• _Data shown_:
┌────────

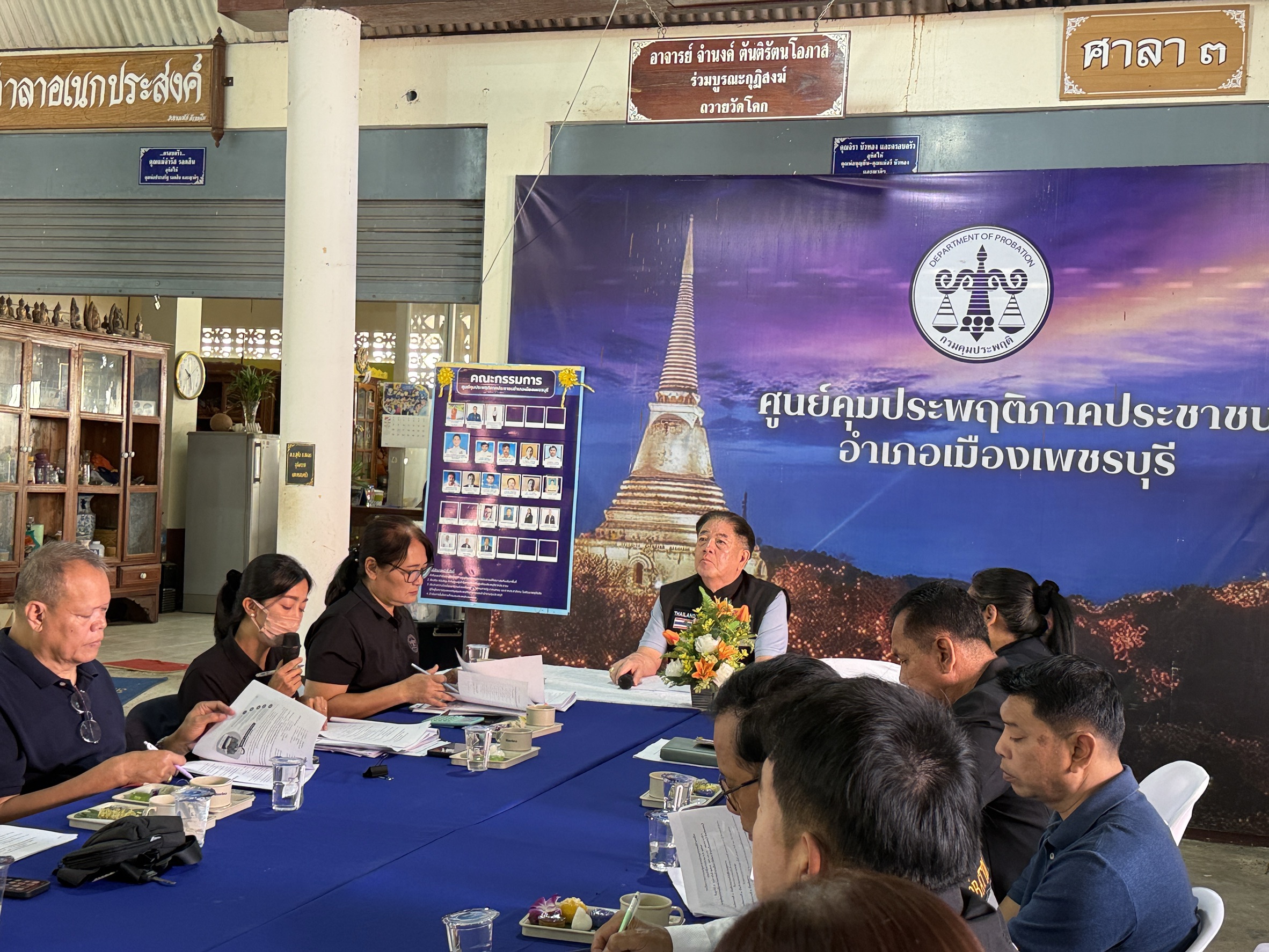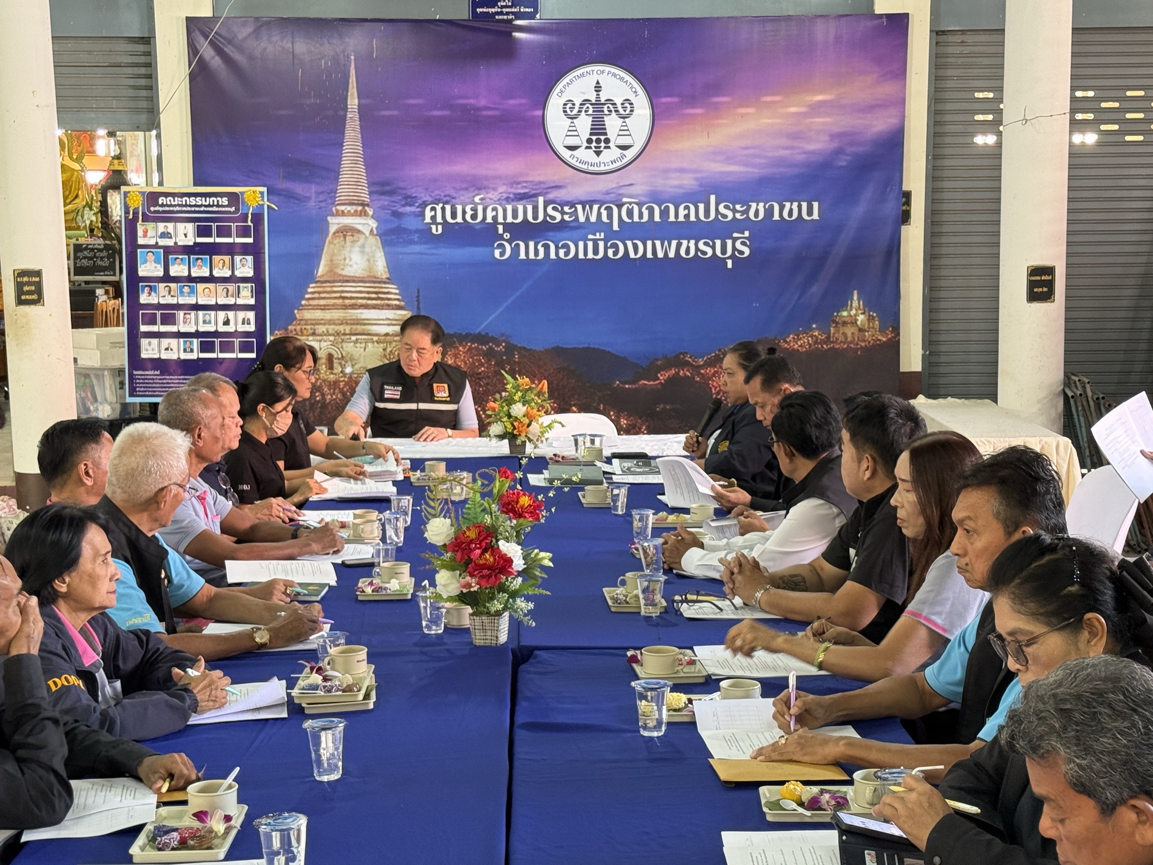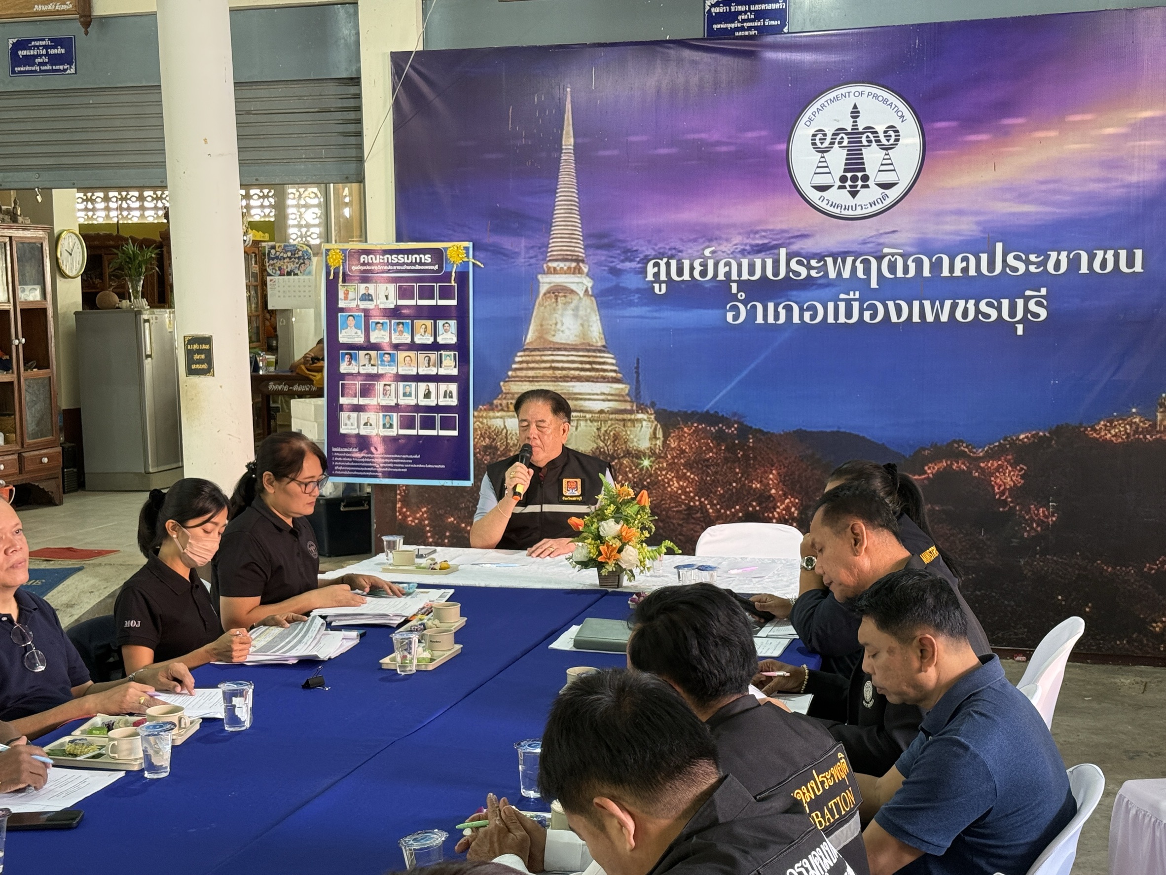 โดยมี ร.ต.ต.กนกศักดิ์ มุทธากาญจน์ ประธานคณะกรรมการอาสาสมัครคุมประพฤติจังหวัดเพชรบุรี เป็นประธานในที่ประชุม มีอาสาสมัครคุมประพฤติอำเภอเมืองเพชรบุรี เข้าร่วมประชุมจำนวน 25 คน
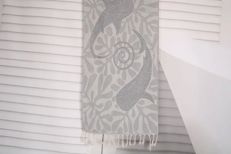 These towels are crafted from organic Turkish cotton or natural linen, ensuring high absorbency and durability. Resulting in an overall weight of 120 grams, the hand towels measure 40x18 inches or 45x100 cm, with a tolerance of 1-2.5 cm for hand-weaving. Embroidery customization is available, and the towels come pre-shrunk, ready for immediate use.
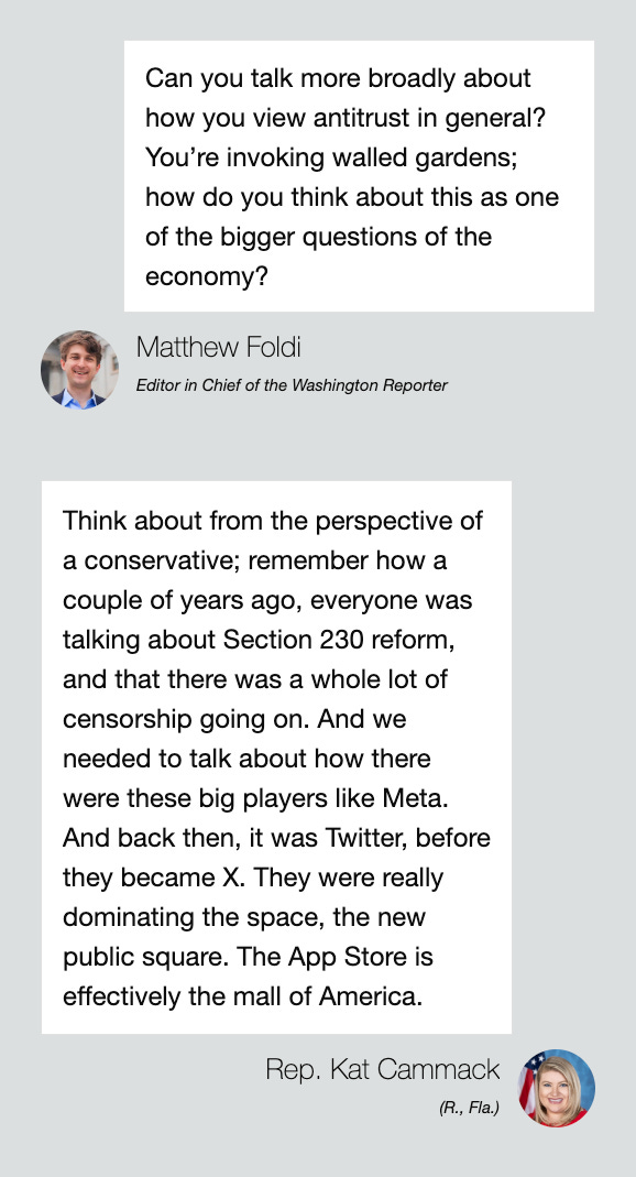 Cammack, a new mother, spoke with the Washington Reporter about her App Store Freedom Act, which she bills as legislation needed to tackle a “monopoly” between Apple and Google, whose App Store and Google Play store control app access for most Americans.

└────────

• _Work order_: Word-for-word repeat, images excluded: return all the data.

• _Output below_:
 โดยมี ร.ต.ต.กนกศักดิ์ มุทธากาญจน์ ประธานคณะกรรมการอาสาสมัครคุมประพฤติจังหวัดเพชรบุรี เป็นประธานในที่ประชุม มีอาสาสมัครคุมประพฤติอำเภอเมืองเพชรบุรี เข้าร่วมประชุมจำนวน 25 คน
 These towels are crafted from organic Turkish cotton or natural linen, ensuring high absorbency and durability. Resulting in an overall weight of 120 grams, the hand towels measure 40x18 inches or 45x100 cm, with a tolerance of 1-2.5 cm for hand-weaving. Embroidery customization is available, and the towels come pre-shrunk, ready for immediate use.
 Cammack, a new mother, spoke with the Washington Reporter about her App Store Freedom Act, which she bills as legislation needed to tackle a “monopoly” between Apple and Google, whose App Store and Google Play store control app access for most Americans.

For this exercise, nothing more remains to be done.